Friday, November 17, 2006

My Success Makes Up for All of My Mistakes

So I haven't updated in a while. My bad. I won't make any excuses. No I wasn't really busy this week, no I didn't get caught up at work and my laptop wasn't broken so just deal with it. I'm really just dealing with extreme laziness.

My sink is full of dishes, I haven't cleaned my room in over a week, the trash is over flowing and I have three books to read by Tuesday, but I just don't care right now. I'm lacking motivation and initiative.

I've been completely disheartened by the future, and I suppose I'm hoping my sloth will make the clock tick slower. I look ahead whether it's to break, next quarter or after graduation, and I can't help but think it's all a waste of time.

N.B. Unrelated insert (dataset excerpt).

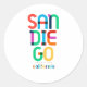 Pegatina Redonda San Diego California Mid Century, Arte Pop,

I party my way through the weekend and study my way through the week, but for what? Once I get this degree, no one is going to care that I've been on the dean's list, that I have a 3.4 GPA or that I aced my history midterm.

I've always been an advocate of "knowledge for the sake of knowledge," but anymore I just don't know. I'm happy I know things and that I can sit down with my less educated counterparts and realize that, but is it really going to get me anywhere? What does it matter that I know the history of almost every major war in recent history if no one cares? Or that I know according to the Associated Press, you should spell advisor with an "er" not an "or" even though no one spells it that way except journalists.

The thing is, I don't know, and I really don't think anyone does.
I heard someone slightly famous say this today: "My success makes up for all of my mistakes." I thought it was inspiring at first; then I was depressed. What if I'm not successful enough to make up for all of my mistakes?